第3話 自堕落な姉

 『明日の小テストの勉強した?』

 時刻は午後11時。リビングでテレビを見ながらうとうとしていると、スマホが鳴った。画面を確認すると甘音からメッセージが届いている。

 「まだしてない。」

 連絡先を交換したあの日から、こんな感じのなんでもないようなメッセージがたびたび届くようになった。

「優陽、あんたなんでスマホ見ながらにやにやしてんの。」

「してない。」

 話しかけてきたのは俺の二つ上の姉。ソファーに全体重を預けた姿は、自堕落という言葉を体現したようだ。

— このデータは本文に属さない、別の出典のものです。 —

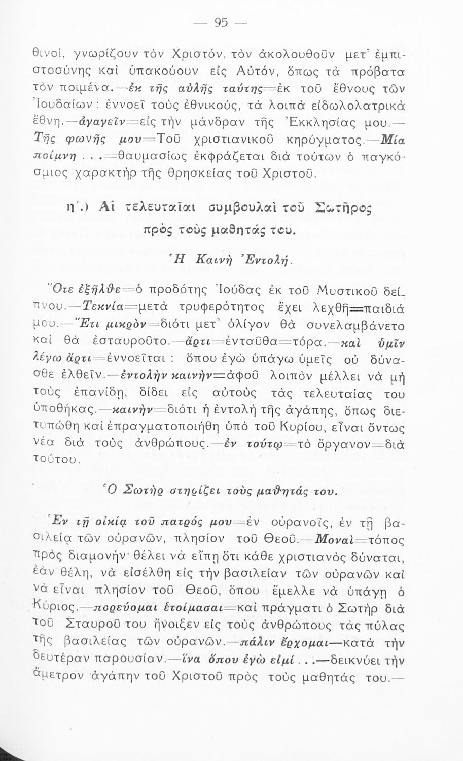 Βαθμίδα εκπαίδευσης: Δευτεροβάθμια Τάξη: Δ' Γυμνασίου Μάθημα: Θρησκευτικά Γλώσσα: Καθαρεύουσα Παρουσίαση περιεχομένου: Σχολικό εγχειρίδιο Θρησκευτικών Δ΄ Γυμνασίου που περιλαμβάνει περικοπές από τα Ευαγγέλια, τις πράξεις και τις επιστολές των Αποστόλων, εισαγωγή στην Καινή Διαθήκη και ερμηνευτικές σημειώσεις. |

 何かとぱしってくるし、余計な口出しをしてくる。いつもうんざりしているが、反抗はしない。しつこいのだ。「ごめんなさい。」と口にするまで執拗な嫌がらせをしてきた小2の夏からあきらめている。ベッド下に隠した宝物を、夕食の席でばらされた時には母親の驚きの視線と、父親の居心地の悪い咳払いに心臓が止まる思いだった。

「にやにやしてるって。もしかして好きな子?」

 言ってきた姉のほうがにやにやしている。まったく腹が立つ顔だ。

「してない。違う。そっちこそ、毎晩電話してるのは新しい男かよ。」

 男勝りながさつ女である姉には、常に男がいる。相手は短期間でコロコロと変わる。普段猫をかぶっているのだろうが、こんなやつを選ぶとは、センスがないというか、同情してしまう。

「まあーねー。私ってモテるし。」

「自分で言うなよ。」

 こういう自信過剰な発言も、痛々しいところだ。

「自分のいいところは言葉にしないと。自分が一番自分をわかってるし、ほめてあげられるんだから。」

 いつも適当に見えて、芯を強く持っている。こういうところに男たちは惹かれるのだろうか。

「だからって、とっかえひっかえすぎるだろ。」

「そんなことないでしょー。みんなが私のこと好きすぎるだけー。」

 前言撤回だ。この女は芯などというものはなく、最低な自堕落女に過ぎない。

「優陽も、好きな子いるんだったらちゃんとアタックしないとだめだよー。自分から何も行動を起こしてないのに、取られたとか裏切られたとかありえないから。」

 目を細め、口角が吊り上がる。腹が立つ以上に君の悪い笑顔だ。

 気味の悪い姉に気圧され一歩下がる。

「それとも、何かアドバイスが欲しいのかい?」

「余計なお世話だよ。」

「えー、つれない。」

 居心地の悪さを感じ、リビングから立ち去ろうと腰を上げる。

「立つんだったら、ついでに冷蔵庫からお茶持ってきて。」

「それくらい自分で行けよ。」

 文句を言いつつも、素直に従う。早く自室に戻りたい。

 冷蔵庫から麦茶のボトルを出し、グラスに注ぐ。ボトルを戻し、グラスを姉に手渡した。

「ありがと。」

「ん。」

 リビングから廊下に続くドアを開け、廊下に出る。

「おやすみー。」

「おやすみ。」

 廊下を玄関の方向に進み、自室に続く階段を上る。上がりきる前に、スマホが振動した。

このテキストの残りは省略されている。